Ohne dass die Eltern und die Öffentlichkeit davon wissen, wurde seit 15 Jahren in Deutschland ein „Konzept“ praktiziert, das sich „Original Play“ nennt. Dieses sieht vor, dass vollkommen unbekannte Männer in Kitas gehen dürfen, um dort gegen eine Geldgebühr mit Kindern zu spielen. Die Eltern der Kinder werden nicht nur nicht gefragt, sie erfahren nicht einmal etwas davon. Ein ARD-Bericht machte dieses extrem unheimliche „Konzept“ öffentlich.
https://youtu.be/LRNyt5KcuZM
Dieses „Original Play“ erhebt den Anspruch, ein Frühpädagogik-Konzept zu sein, das in den 1970er Jahren von dem US-Amerikaner Fred Donaldson entwickelt worden ist, angeblich einem Universitätsprofessor für Psychologie. Es gibt auch eine Stiftung, die dieses „Konzept“ propagiert. Dort klingt das dann so: „Original Play versucht, die Beziehungen zwischen Individuen und Gruppen zu verbessern, indem Aggression und Gewalt zwischen Menschen durch Freundlichkeit und Liebe ersetzt werden und jedes Kind sich sicher und geliebt fühlt.“
Diese Methode, so die Webseite, wandle „tief verwurzelte negative Verhaltensmuster in neue Gewohnheiten um“ liest man dort, wodurch „eine Grundlage für optimale Bedingungen für Lernen, Kreativität und Selbstentwicklung“ geschaffen werde. Die „Original Play“ ist eine internationale Stiftung. Sie agiert unter anderem in den USA und Afrika. Das läuft folgendermaßen ab: Gegen eine Kursgebühr von zirka 250 Euro kann man eine Ausbildung zum „Lehrling“ erhalten, woraufhin man in die Kindergärten gehen kann und Tobe- und Kuschelstunden mit Kindern abhält, die man überhaupt nicht kennt und für die man ein völlig Fremder ist. Die Männer wälzen sich mit den Kindern über Turnmatten, in enger Umklammerung und engstem Körperkontakt.

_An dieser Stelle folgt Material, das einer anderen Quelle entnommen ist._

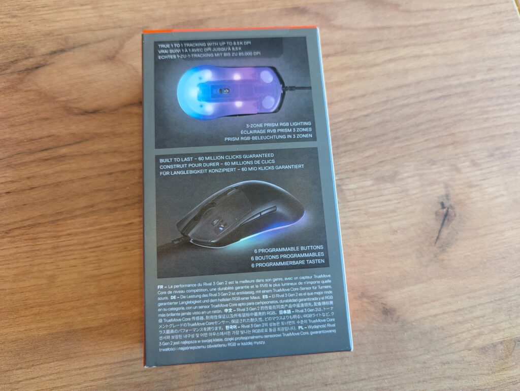 La SteelSeries Rival 3 Gen 2 est livrée dans un emballage sobre et efficace, qui va droit au but. À l’intérieur, on retrouve la souris et sa documentation. Pas de fioritures, on est dans le « plug-and-play ».

Mit der Psychologieprofessur des Herrn Donaldson scheint es nach Recherchen der Seite „Plagiatsgutachten“ nicht weit her zu sein:
„O. Fred Donaldson wird in zahlreichen Webquellen als ehemaliger amerikanischer Universitätsprofessor für Psychologie bezeichnet, siehe etwa hier, hier und hier. – Eine erste Spurensuche hat ergeben: Herr Donaldson war nie Universitätsprofessor, noch ist er Psychologe. Nach seinem Studium der Geographie war er an der University of Washington und am Department für Geographie der California State University in Hayward im Rahmen von befristeten Forschungsprojekten beschäftigt, unter anderem auch in einem Train-the-Trainer-Projekt. Aus diesem heraus dürfte er später seine Expertise in Psychologie konstruiert haben.“
Wer glaubt, das sei eine ganz neue, heimliche Masche, der die ARD-Redakteure auf die Spur gekommen sind, der irrt. Seit 15 Jahren gibt es dieses „Konzept“ nun schon in Deutschland. „Original Play“ wurde vorrangig in München, Regensburg, Dresden, Berlin und Hamburg gespielt, meist in kirchlichen Kitas oder Gemeinden — und mit durchaus negativen Erfahrungen. Dennoch lief es lange weiter. Der ARD-Bericht lässt Eltern von betroffenen Kindern zu Wort kommen. Es ist mehr als erschreckend, was da jahrelang unter den Augen der Verantwortlichen in verschiedenen Kitas geschehen ist.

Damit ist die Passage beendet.